There are more ways than one to skin a cat. Or, in concrete terms, there is more than one way to achieve an aim.
The ultimate aim for the Christian is to follow Jesus as his model for life for the sake of God, his own, and others. He is motivated by love for God and others. Discipleship (learning and training to do just that) and spiritual formation are the vehicles we travel to our destination: Christ-likeness.
Spiritual formation proper is the work the Holy Spirit does in us to shape our character to reflect Christ’s character. Discipleship proper is learning how to follow and to actually follow Jesus in every aspect of our lives. The disciple lives his life inwardly and outwardly, privately and publicly as if Christ were living it in his place.
KNCSB’s discipleship team works with this definition of a disciple: one who is becoming like Jesus for the sake of others. Becoming like Jesus is a journey of a lifetime. It doesn’t happen overnight or by accident. It’s done on purpose and for life. Yes we are becoming disciples all the time. Discipleship is not an end but the way to the end of reflecting Christ in all areas of our lives.
Then there is becoming like Jesus. How exciting! How daunting! Who can describe this without bowing down to the mystery of it all? Who can describe the day-to-day work of the Holy Spirit in the life of the Church. We are to train to live humbly, walk with God, in the power of the Holy Spirit, let His mind be in us, serve and love others sacrificially, be sent to transform our communities, engage in activities that strengthen our souls and our resolve to follow God’s will, flee evil, do what is good, and engage in the things that Jesus cared about, just as Jesus did. Anything else or short of this is not apprenticeship to Jesus. We must be about learning and training to do all his commands.
Then there’s the “for the sake of others” part. Not only do we participate with the Holy Spirit’s work in shaping our hearts but also in the work of the Holy Spirit in bringing the kingdom and will of God on earth as in heaven. We love God and we love our neighbors. That love is as broad and as varied as all of life. It has no limits other than the imagination and the creativity of God! There is the inward part of discipleship and there is the part that is for the benefit of others.
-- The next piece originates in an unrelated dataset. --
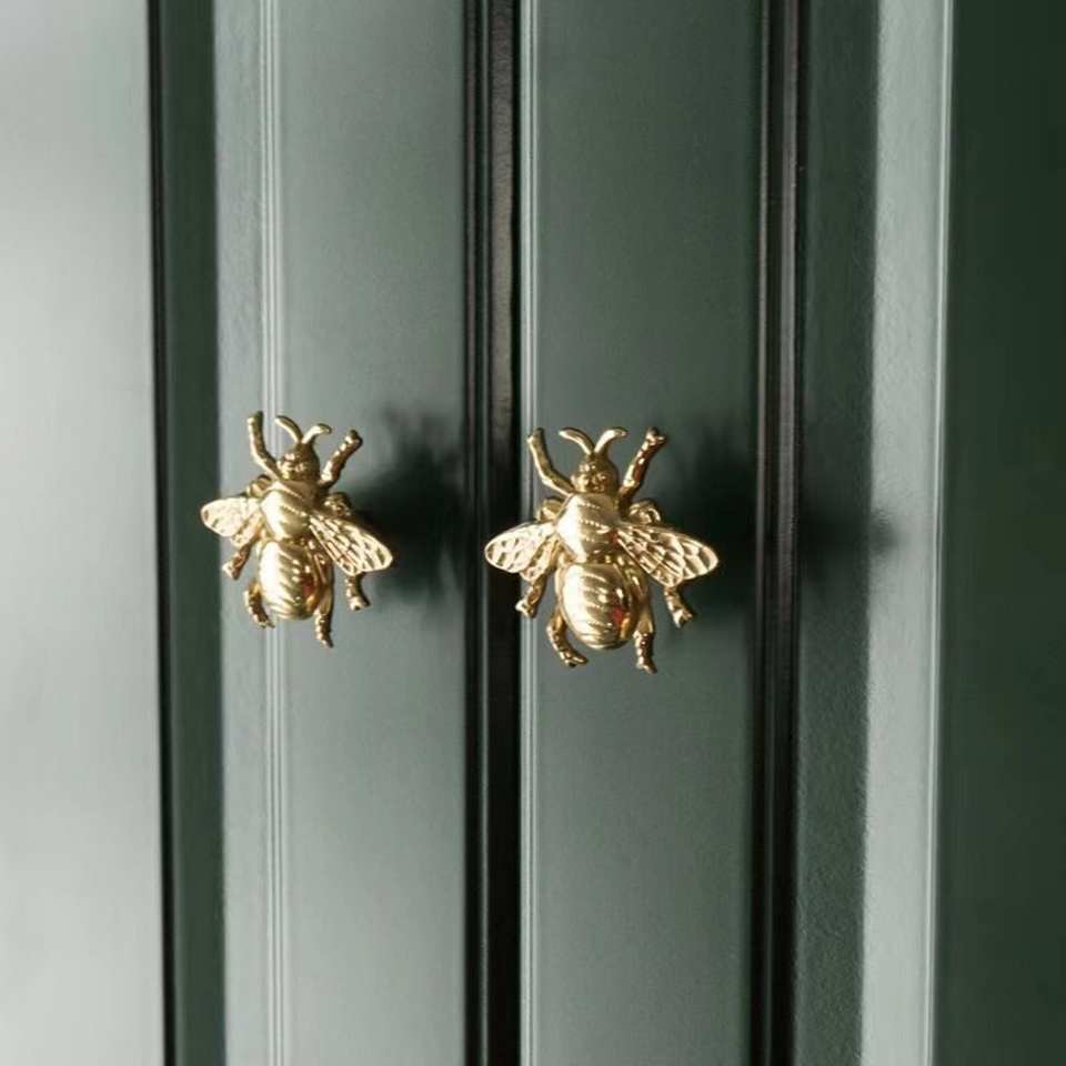 ลูกบิดประตูโลหะสีทองดีไซน์แมลงสำหรับตกแต่งภายในภายนอกอุปกรณ์ฮาร์ดแวร์ลูกบิดทองเหลืองคุณภาพสูง

God works and we are co-workers with God.
Finally, there’s the community. Discipleship is a plural idea. The word disciple in the singular is rare while the plural disciples as a group is common. Community or local church is essential to discipleship. Soloists must give way to ensemble in discipleship. There may be small solo parts in discipleship just as there is in a string quartet. But it remains chamber or ensemble music. The goal of discipleship is not to make our solo flights into a life with Christ. The goal is a life of interdependence on one another to follow Christ faithfully.
How a church engages discipleship can be as different as each church is different (more ways than one to skin a cat). This is the reason the KNCSB discipleship team has come up with four specific approaches or frameworks to help churches in their discipleship efforts.
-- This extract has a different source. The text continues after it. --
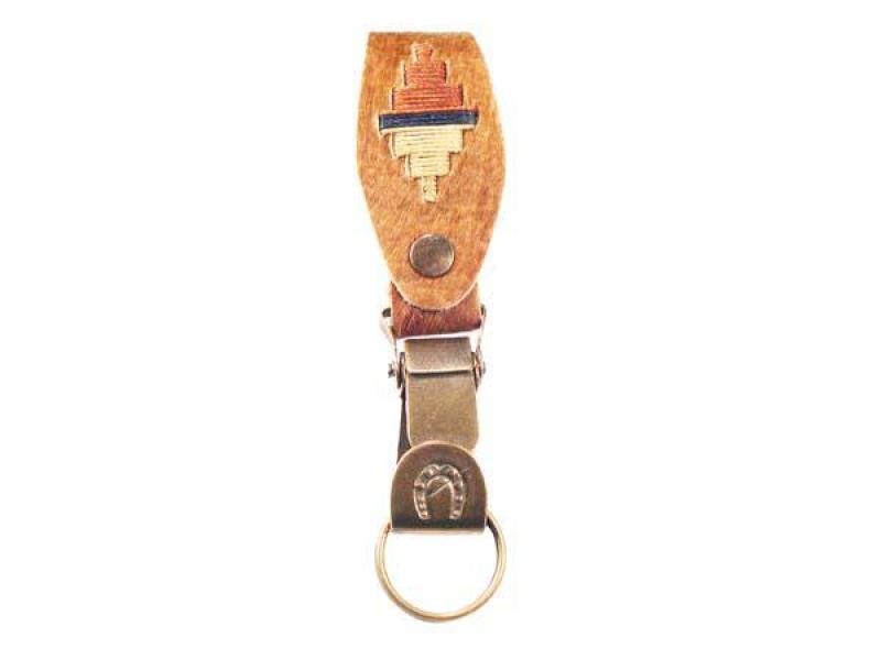 Llavero De Cuero Crudo Bordado En Hilo Encerado y Mosqueton Frontal Ancho

I’ll name the four approaches and have more to say about each in future articles.
1. The small church approach
2. The church-to-church approach
3. The small group approach
4. The online approach
The first approach is about helping our smaller churches in their discipling efforts. Most of our churches are smallish (under a 100) and typically don’t have the resources to develop elaborate discipleship programs. They rely more on relationship. In this approach, the key is to maximize relationships for discipleship. Everything that small church leaders do can be done with some thought and imagination to bring about character transformation for the sake of others. Preaching, teaching, worship, administration, fellowship, serving, and committee work can all be done in ways to promote growing in our conformity to Christ. KNCSB’s discipleship team will conduct seminars or consultations on how discipleship can travel already existing functions or activities in the church.
The church-to-church approach is about connecting churches that are doing discipleship fruitfully with those churches that want to learn or improve on their disciple making activities. The discipleship team is aware of those churches in our convention and in other places and will do what is necessary to help churches connect for learning.
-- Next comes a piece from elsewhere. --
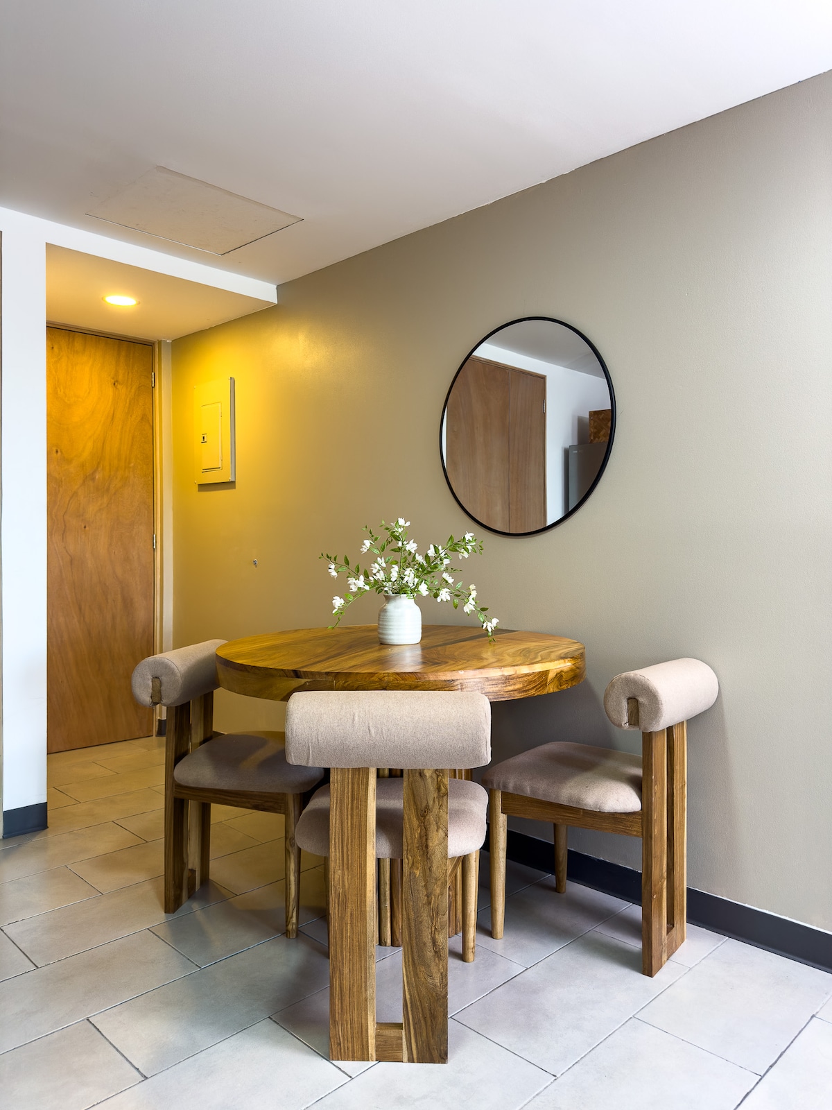 High-end luxury style 1-Bedroom apartment right in the heart of El Salvador del Mundo. Enjoy a stylish experience at this centrally located apartment close to shops and restaurants. Amenities Included: Welcome beverages AC in bedroom AC in living room Fast internet Bluetooth speaker Hot water Coffee machine and tea Air purifier Body soap and shampoo Laundry with detergent Smoke alarm Carbon monoxide alarm Professionally cleaned 24/7 security

The third approach of helping our churches in their discipleship has to do with intentionally starting a movement of small groups of 3 or 4 to multiply disciples. There are several models that we can recommend.
The last approach of helping our churches is to present a way of assessing members’ spiritual strength with online assessment tools that determine levels of spirituality and to recommend paths of growth that help individuals and church leadership to to customize discipleship in the church.
Those who walk with the Master take discipleship most seriously just as the Master has.